Mais à peine le cavalier eut-il reconnu que c'était à lui qu'on en voulait, qu'il rassembla les rênes de son cheval, lui mit les éperons dans le ventre, et le lança par-dessus le fossé de la route de Rivoli, coupant diagonalement à travers terre pour rejoindre la route de Suze.
Latil se mit à sa poursuite en lui criant d'arrêter; mais cette injonction ne fit que redoubler la vitesse du cavalier, monté sur un excellent cheval. Un instant, dans la ligne convergente que chacun d'eux suivait, Latil tint le cavalier inconnu à la portée de son pistolet; mais il réfléchit à deux choses: d'abord, que le cavalier inconnu n'était peut-être pas un ennemi; et ensuite, que le bruit de l'arme à feu pouvait donner l'éveil.
Tous deux atteignirent la route; mais le cavalier inconnu avait trois longueurs de cheval d'avance sur Latil, et sa monture était supérieure: non-seulement il devait maintenir cette distance, mais il devait l'augmenter.
Au bout de cinq minutes, Latil avait perdu l'espoir de le rejoindre, et abandonnant une poursuite inutile, il revenait vers son détachement tandis que le cavalier inconnu se perdait dans l'obscurité et que tout, même le bruit des pas de son cheval, venait se perdre dans ce silence nocturne, véritable roi des ténèbres.
Latil reprit sa place à la tête de son détachement en secouant la tête. L'événement, si peu important qu'il fût en tout autre circonstance, prenait pour Latil une suprême gravité.
Son premier mot avait été:
—Je réponds de tout si le prince n'a pas été prévenu.
Qu'était venu faire à Rivoli ce cavalier si bien monté et si désireux de rester inconnu? Pourquoi, s'il ne venait pas de Suze, retournerait-il à Suze? Mais qui disait qu'il vient de Suze? La respiration de son cheval accusait une longue route déjà faite.
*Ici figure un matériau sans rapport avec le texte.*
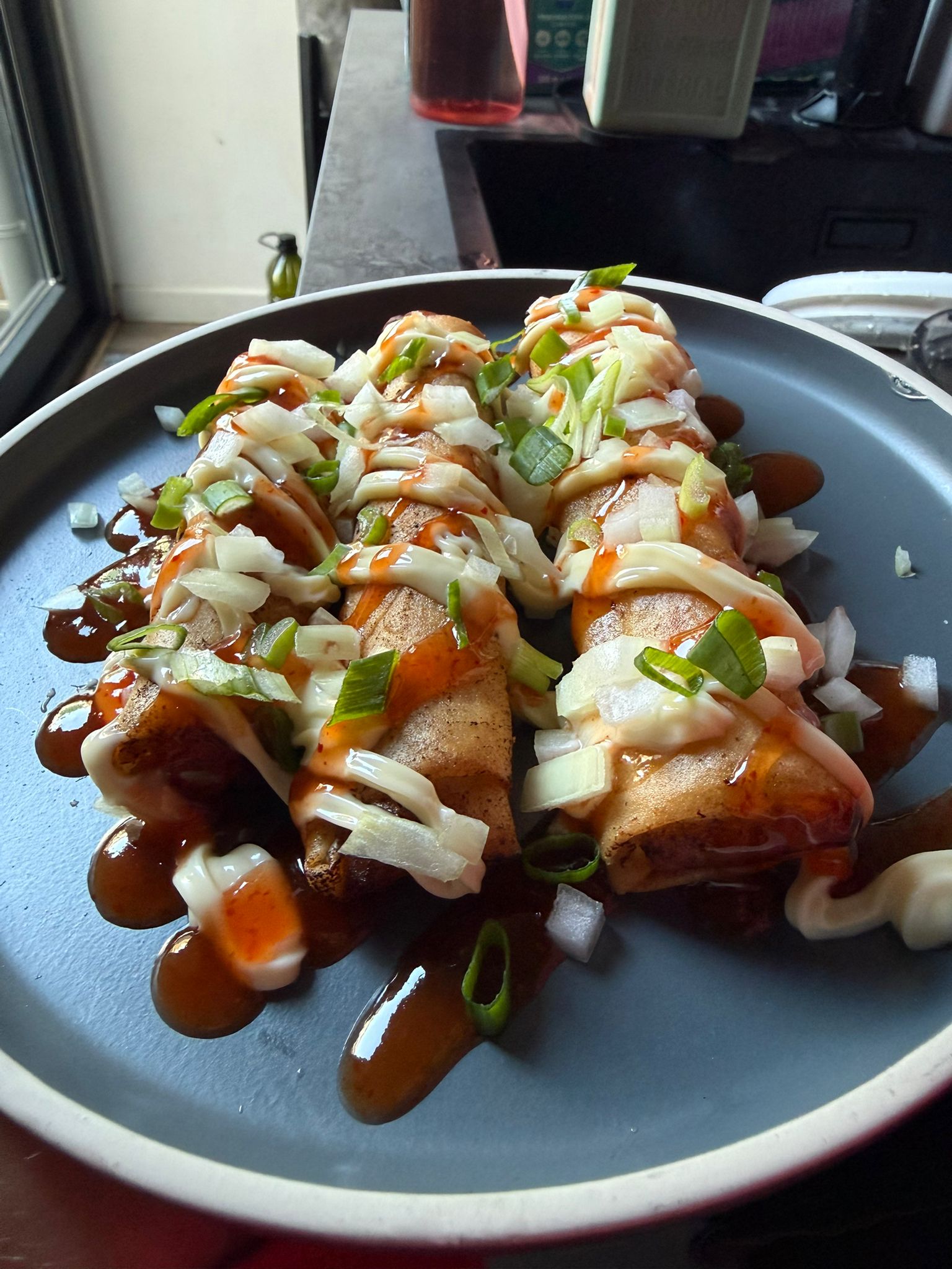 3 knapperige lumpia’s met romige mayo, frisse ui en chilisaus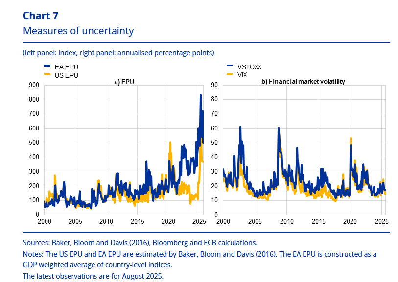 An important factor that may distort and at times suppress the transmission of monetary policy is uncertainty. Over the past year, economic policy uncertainty has risen sharply, reaching record levels in April, largely driven by trade tensions and geopolitical risks (Chart 7, left panel). Financial market volatility has, instead, remained subdued (Chart 7, right panel). While uncertainty has eased somewhat in recent months, it remains at historically high levels on both sides of the Atlantic according to newspaper-based measures, close to the peak seen during the COVID-19 pandemic.
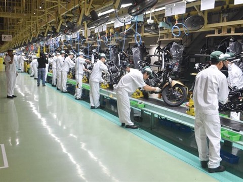 | Une chaîne de montage de motos de Honda Corporation dans la zone industrielle Dông Van II dans la province de Hà Nam. |
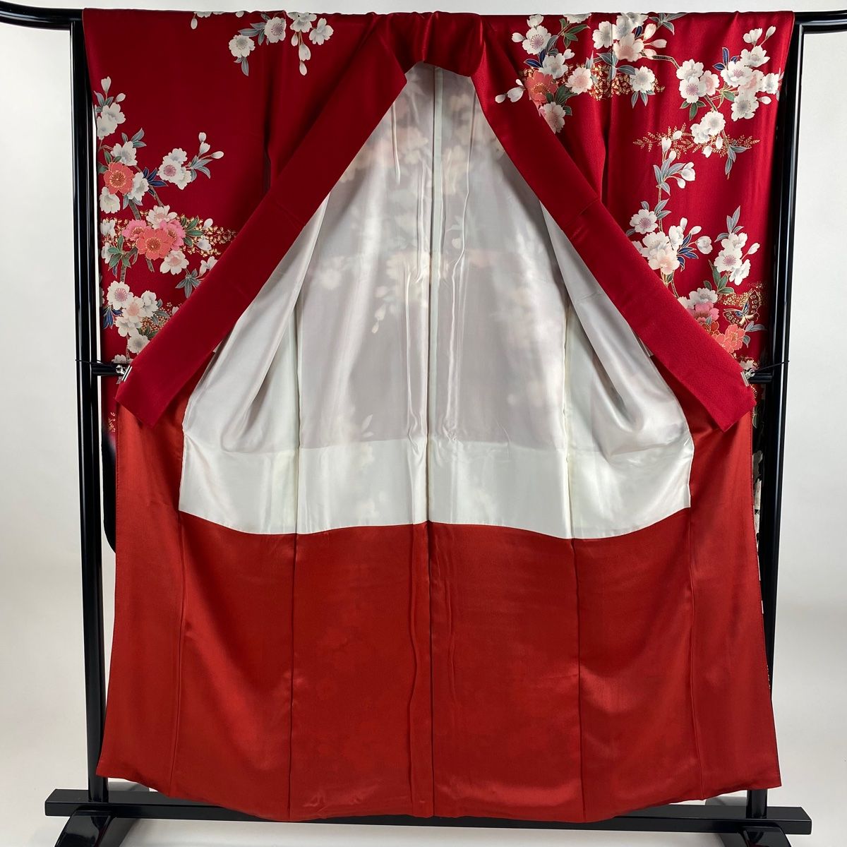 振袖 身丈157cm 裄丈64cm M 袷 桜 蝶 金彩 染め分け 赤 正絹 秀品 WWW_NICORILABO_COM

Mais cette défiance fut bien plus grande encore lorsqu'en approchant de Rivoli ce ne fut plus un cavalier, mais deux cavaliers dont Latil aperçut les silhouettes sur la route, et qui, faisant le même manége que le premier, s'arrêtèrent à la vue de la troupe qui venait à eux. Ces deux cavaliers, sans attendre, dès qu'ils l'eurent découverte, que cette troupe fît un pas de plus, s'élancèrent au grand galop dans la direction opposée à celle qu'avait suivie le premier cavalier, c'est-à-dire dans celle de Turin.
Latil ne tenta pas même de les poursuivre, les chevaux frais qu'ils montaient étaient de première vitesse et semblaient ne pas toucher la terre. Il n'y avait pas autre chose à faire que de précipiter la course du côté du château dont les fenêtres flamboyaient à l'horizon.